You didn’t see the fallacy. 

Couldn’t grasp it. 

the lie exposing it self.

reveal.

 

    if you are a liar, then so am i.

so is everyone else. they had to be. doing the same sick imagining as you. creating fictions to fill in the gaps about people.

The back story. 

about the world. things. ways.

     everything lies to you. tries to pull one oveer on you for reasons you can only begin to imagine.

and imagine, you do.

 

    the twisting

horrible

possible.

the suspicion. the doubt.

the irrationality of the whole damn thing. echos in your ears, as you calculate.

think.

come upon the crisises always with an approach of finality.

     try to outsmart it.

     out think.

     survive.

     mistakes. you can't see them until they’re far too small in the rearview mirror. It’s a you problem. not an anyone else thing.

the answer, you think, has always been there. previously chosen not to be seen.

     You have lost your mind.

     harvest crops. take them in when they are ripe and plant new seeds, fresh ones, once again, when the soil is fertile.

 

 

    


state of alt i

 

     High, Christian asks me, “You ever think that life's just a made up conversation in your head? That you imagine it?”

     “Dude,” I say.  “Don't harsh my mellow.”

     Everyone laughs.  Time moves fast, so time

slows

down. 

It seems.  Both at once.

Somehow.

Any how.

 

big:small::problems:starts

 

 

 

     “I feel like I can’t talk to people.

Like I forget how.

I feel like I can't talk to you. Like you don't want me to.

     “Like you don’t want me

     “Too.”

     This is written in permanent marker on the bathroom wall in the bar.

     Some band is warming up on stage, in the main room.

     I run into Andy, earlier. When I first come in. His lanky frame looks bigger, more developed. Andy has grown noticeably. He might be turning into the incredible Hulk, very slowly.

     He talks about the world.  Events.  News.  

The band still sets up.  Filler music plays over the monitors.

     “They say they'll soon have these chips. You can put it in you and it’ll act as an ATM card. Allow you to make purchases. As a cellphone, even. As your car key. You house key.  GPS.  All of it.  And that's where I want to be.  A total technological utopia.”

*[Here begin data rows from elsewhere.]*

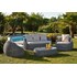 Salon de jardin PVC-ISA en résine tressée ronde et structure aluminium, composé d'une banquette 3 pl, de deux fauteuils et d'une table basse avec plateau verre. Coussins déhoussables 250 g/m² garni polyester (20kg/m3).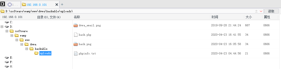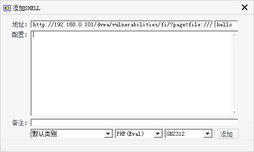 上菜刀,右键添加shell,地址栏填入http://192.168.0.101/dvwa/vulnerabilities/fi/?page=file:///D:/software/wamp/www/dvwa/hackable/uploads/hack.jpg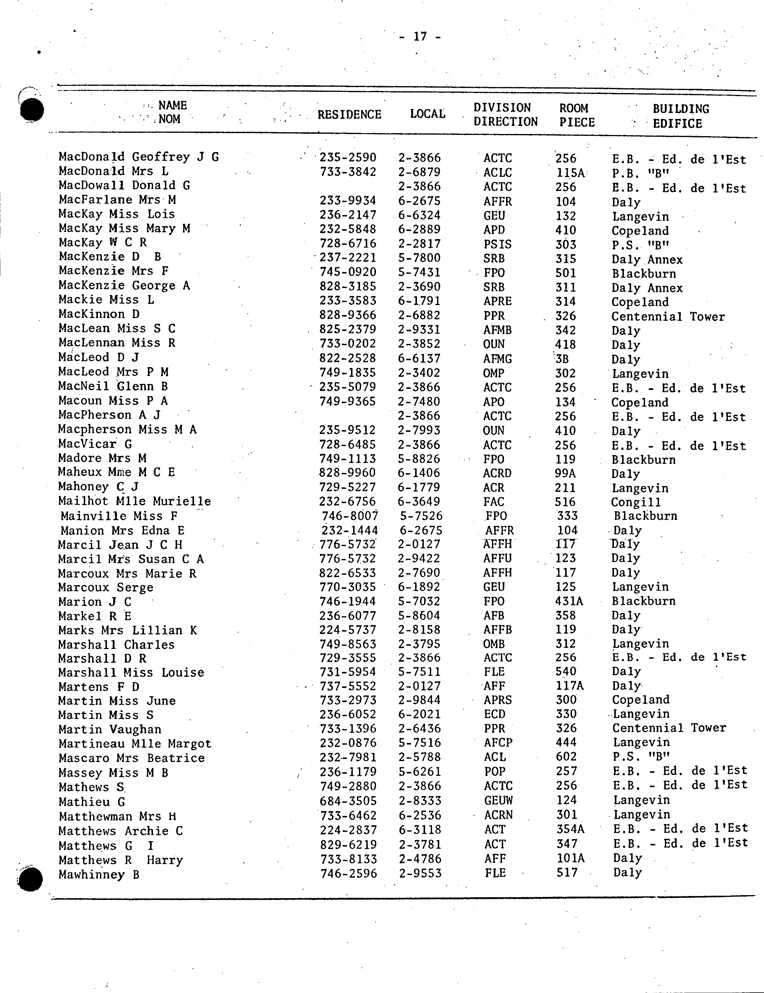 Staff directory = Répertoire du personnel / Department of External Affairs. 1970/72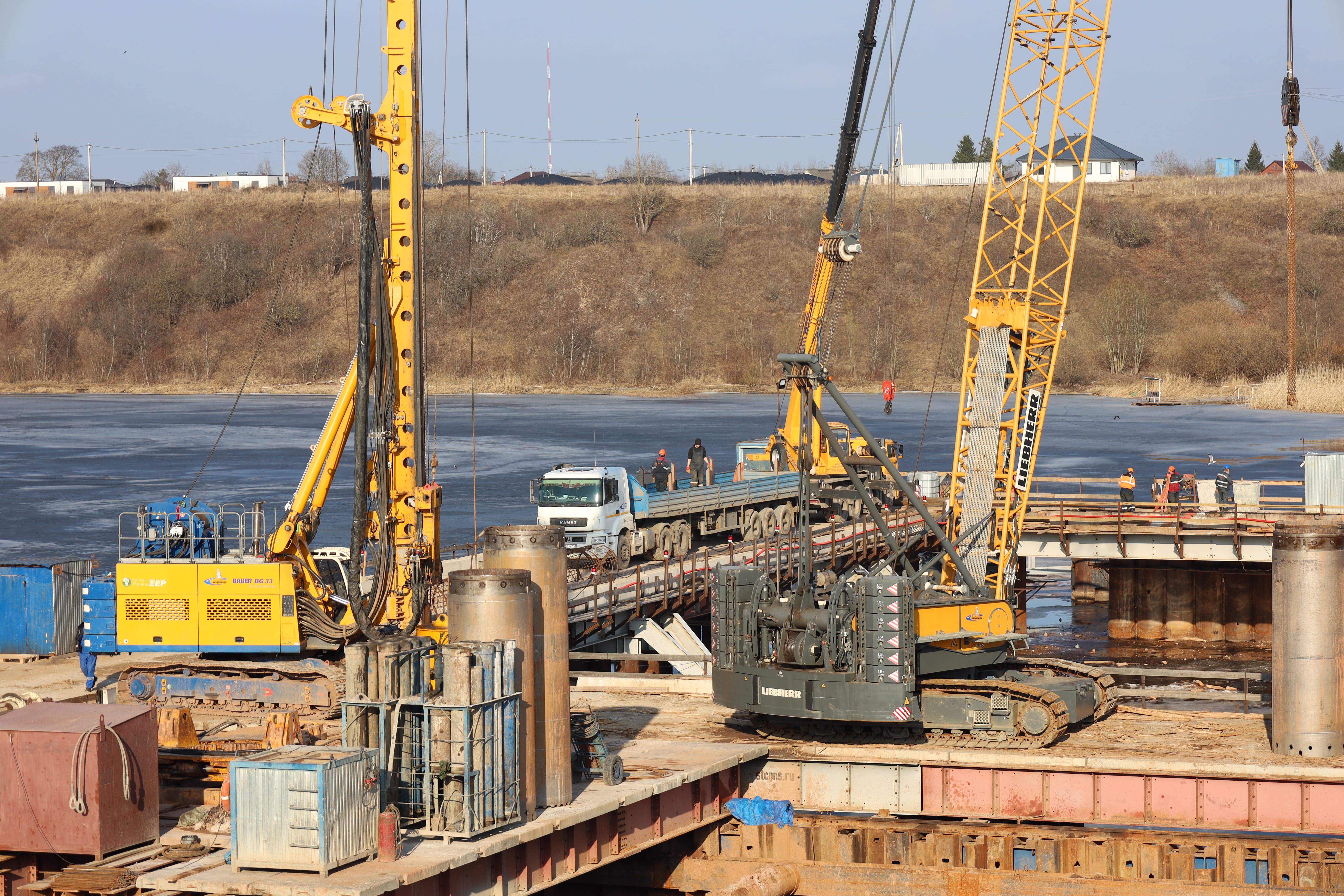 Параллельно на берегу со стороны деревни Хотицы идет сборка металлического пролетного строения, которое надвигается гидравлическими домкратами на опоры в русле реки. Уже готово 150 пог. м пролетного строения. Современная технология надвижки сокращает сроки монтажа примерно на 40 % по сравнению с другими методами и повышает точность установки. Полностью завершить этот этап планируется до конца года.

     “Maybe it’s nanobots,” he yells over the building house speakers now.

     “And I think that I'll never want to be shackled like that.”

     “Where’s the dependence,” I ask.  “You’re totally ingrained in the system.”

     “Where is the down side?” he asks.

     “The down side is,” Kathy says. “The nefarious nature of whoever holds the keys.” 

     Kathy and this other girl, Jane, are with Andy when I arrive. I wonder if he's dating one of them.

     “I just don't like the visibility,” I tell them.

     “It's the future, dude,” Andy says.  “Don’t be such a Luddite.”

     The singer, Duke, checks the microphone.

     Later, he announces to the audience, “We are all the story tellers and dream shapers.”

     They play “Fibonacci's Lament.”

     The moment surges into music. Faint keyboards first. Then drums and bass. The guitar withholds for nineteen bars. The time signature subtlety changes when it enters. The melody a dark groove. Surges of intensity. Lyrics come. In sync with the rhythm.

 

     “Merrily we row along

     life is what it seems

     not the dream

you make

     We can't

awaken

     from this nightmare.

     Why can't I just awaken from

     the nightmare.                       

Nightmare.”                   

 

     The music makes my head spin.  The room should spin but there are too many people.  I spin, instead.   Sin, instead.

     Grab the bar for balance.  Steady yourself.

     It's just a little tremor.  You’re fine.

     I'm fine.

We're all fine.

     The bartender flirts with me.   She's some girl from school.  She looks for a tip.